■ INSTRUCTIONS TO FOLLOW ■
Copy the data exactly from the line that contains "در ادامه میتوانید" through the line that contains "Впрочем, лучше довольного", keeping both end lines and leaving out everything else.

#### PROVIDED ENTRIES

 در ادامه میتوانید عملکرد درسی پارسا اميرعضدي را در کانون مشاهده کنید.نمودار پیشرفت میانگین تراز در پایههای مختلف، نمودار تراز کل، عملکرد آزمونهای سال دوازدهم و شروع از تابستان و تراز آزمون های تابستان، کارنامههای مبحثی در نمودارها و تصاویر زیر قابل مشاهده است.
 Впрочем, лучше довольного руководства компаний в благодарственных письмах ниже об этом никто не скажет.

########
#### PROVIDED ENTRIES

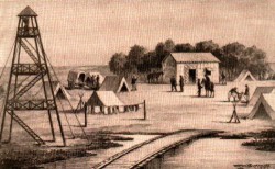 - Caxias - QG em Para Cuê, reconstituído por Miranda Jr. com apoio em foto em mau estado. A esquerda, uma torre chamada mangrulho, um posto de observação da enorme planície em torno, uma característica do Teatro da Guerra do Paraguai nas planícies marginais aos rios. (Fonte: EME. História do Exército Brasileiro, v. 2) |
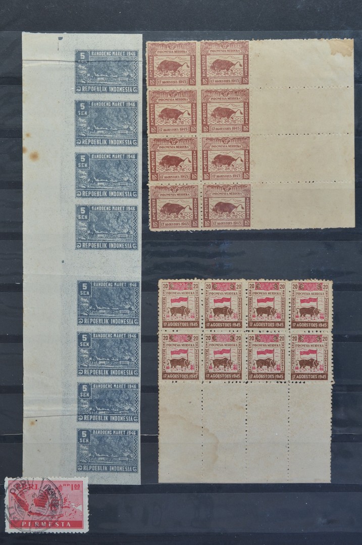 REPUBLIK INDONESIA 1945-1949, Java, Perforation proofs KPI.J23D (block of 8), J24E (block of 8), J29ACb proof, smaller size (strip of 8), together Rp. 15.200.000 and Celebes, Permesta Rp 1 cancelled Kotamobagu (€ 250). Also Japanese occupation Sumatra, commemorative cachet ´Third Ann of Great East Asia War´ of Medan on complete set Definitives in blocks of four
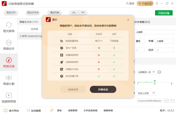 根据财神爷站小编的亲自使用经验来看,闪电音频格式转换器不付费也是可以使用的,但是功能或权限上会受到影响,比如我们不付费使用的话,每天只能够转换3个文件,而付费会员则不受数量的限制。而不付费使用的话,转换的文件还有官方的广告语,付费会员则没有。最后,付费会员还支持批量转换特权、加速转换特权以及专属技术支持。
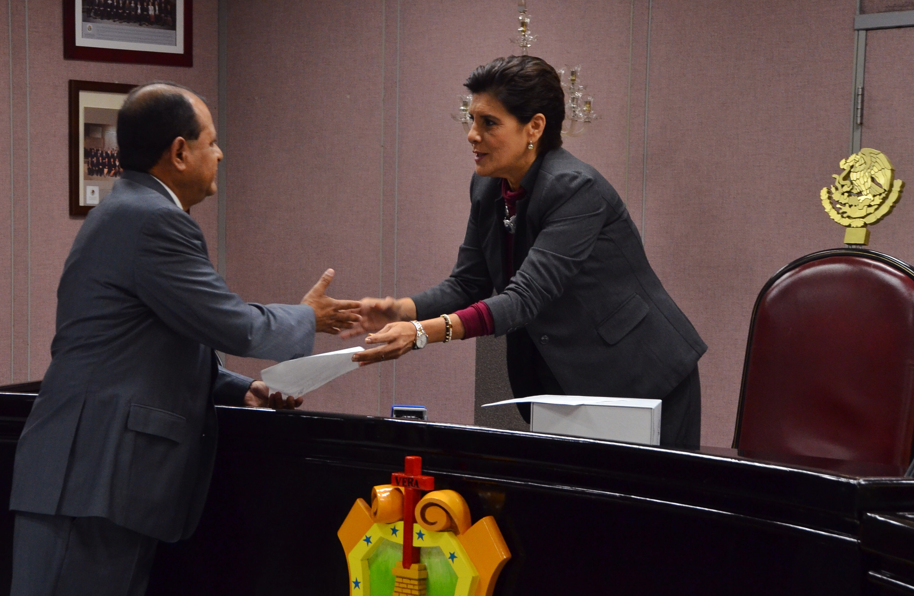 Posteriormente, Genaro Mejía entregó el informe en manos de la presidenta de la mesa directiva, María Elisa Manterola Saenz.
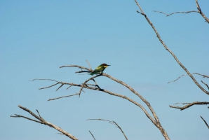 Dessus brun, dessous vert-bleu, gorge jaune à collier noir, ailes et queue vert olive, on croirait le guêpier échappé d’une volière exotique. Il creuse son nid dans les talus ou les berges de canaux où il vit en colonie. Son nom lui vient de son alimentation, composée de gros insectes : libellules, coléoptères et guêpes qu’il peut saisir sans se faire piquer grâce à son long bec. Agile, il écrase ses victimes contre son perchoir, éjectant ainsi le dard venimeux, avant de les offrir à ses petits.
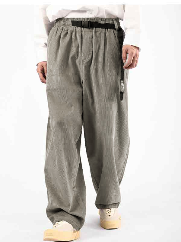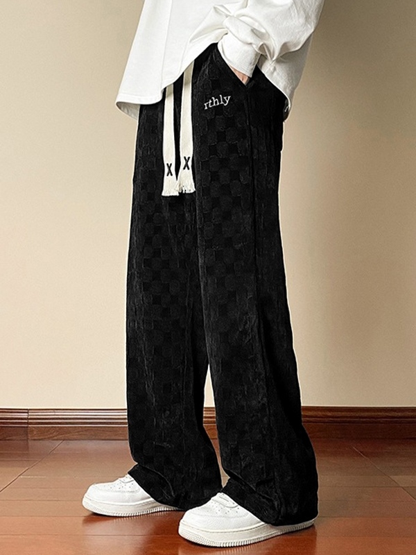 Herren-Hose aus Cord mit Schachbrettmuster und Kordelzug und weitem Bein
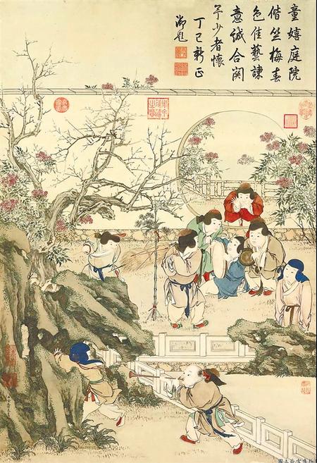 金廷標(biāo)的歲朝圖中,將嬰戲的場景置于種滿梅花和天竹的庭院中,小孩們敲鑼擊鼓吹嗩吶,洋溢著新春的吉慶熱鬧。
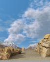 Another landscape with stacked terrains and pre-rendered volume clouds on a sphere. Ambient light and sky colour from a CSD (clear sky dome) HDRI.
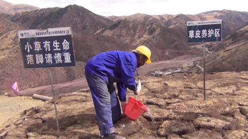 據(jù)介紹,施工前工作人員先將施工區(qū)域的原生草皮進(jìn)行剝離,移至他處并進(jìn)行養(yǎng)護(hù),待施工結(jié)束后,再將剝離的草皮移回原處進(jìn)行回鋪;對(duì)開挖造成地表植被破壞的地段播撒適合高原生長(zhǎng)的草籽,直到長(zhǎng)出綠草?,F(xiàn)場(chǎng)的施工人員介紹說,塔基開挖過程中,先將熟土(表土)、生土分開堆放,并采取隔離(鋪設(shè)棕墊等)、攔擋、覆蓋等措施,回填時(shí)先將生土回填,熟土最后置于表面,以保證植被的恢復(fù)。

########
#### PROVIDED ENTRIES

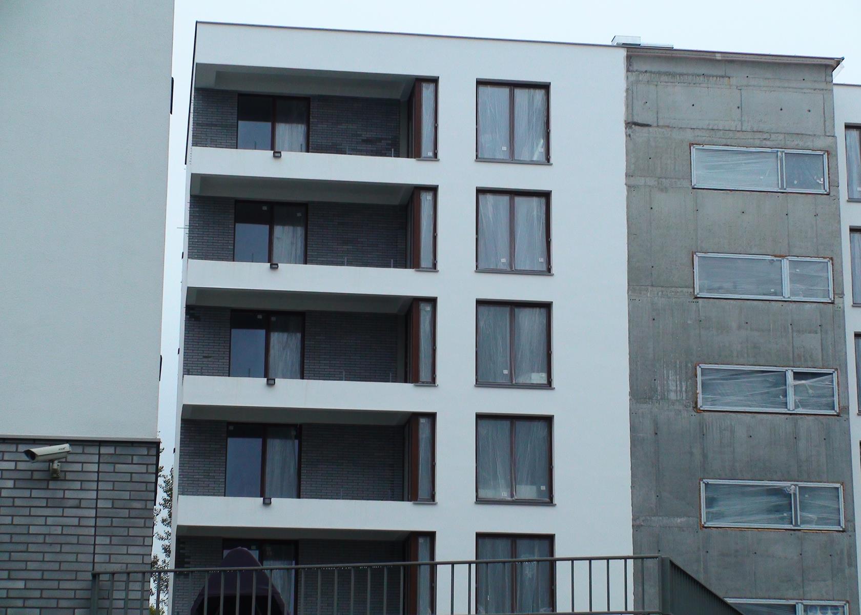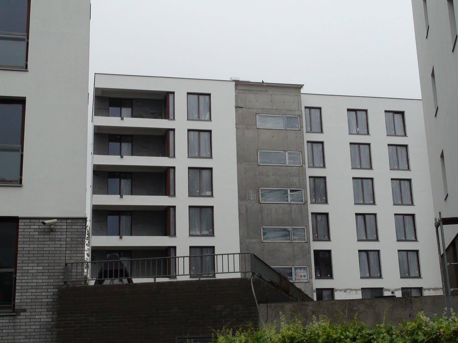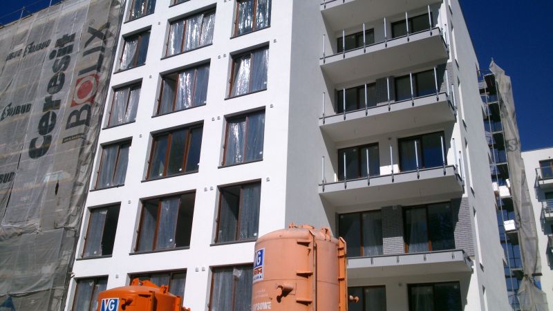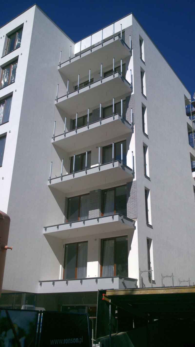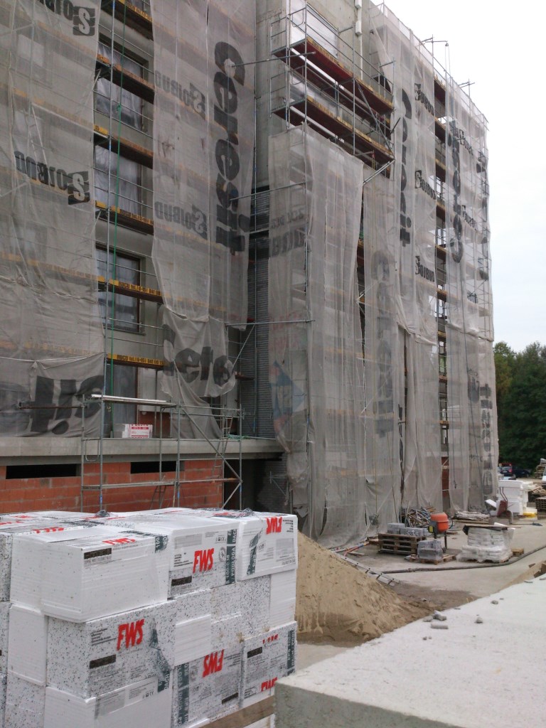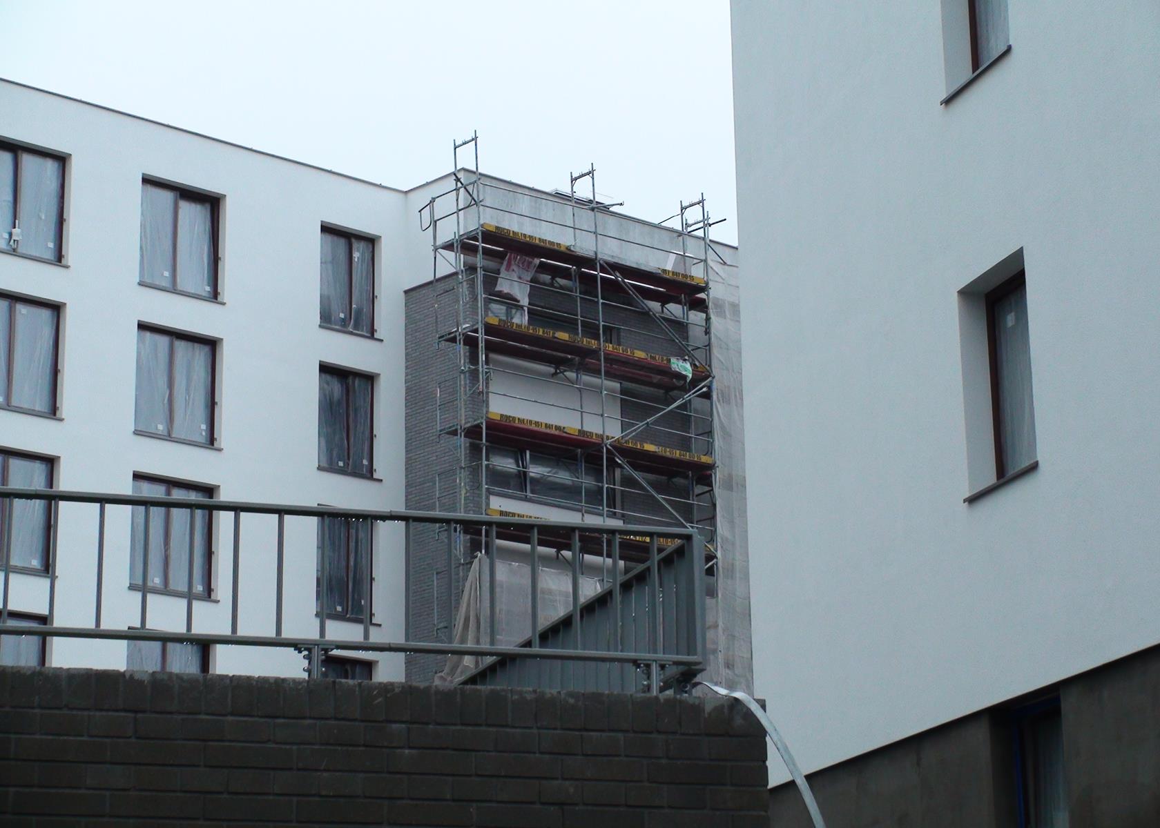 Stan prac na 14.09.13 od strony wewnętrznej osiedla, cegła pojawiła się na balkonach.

########

■ ANSWER TO THIS TASK ■
 در ادامه میتوانید عملکرد درسی پارسا اميرعضدي را در کانون مشاهده کنید.نمودار پیشرفت میانگین تراز در پایههای مختلف، نمودار تراز کل، عملکرد آزمونهای سال دوازدهم و شروع از تابستان و تراز آزمون های تابستان، کارنامههای مبحثی در نمودارها و تصاویر زیر قابل مشاهده است.
 Впрочем, лучше довольного руководства компаний в благодарственных письмах ниже об этом никто не скажет.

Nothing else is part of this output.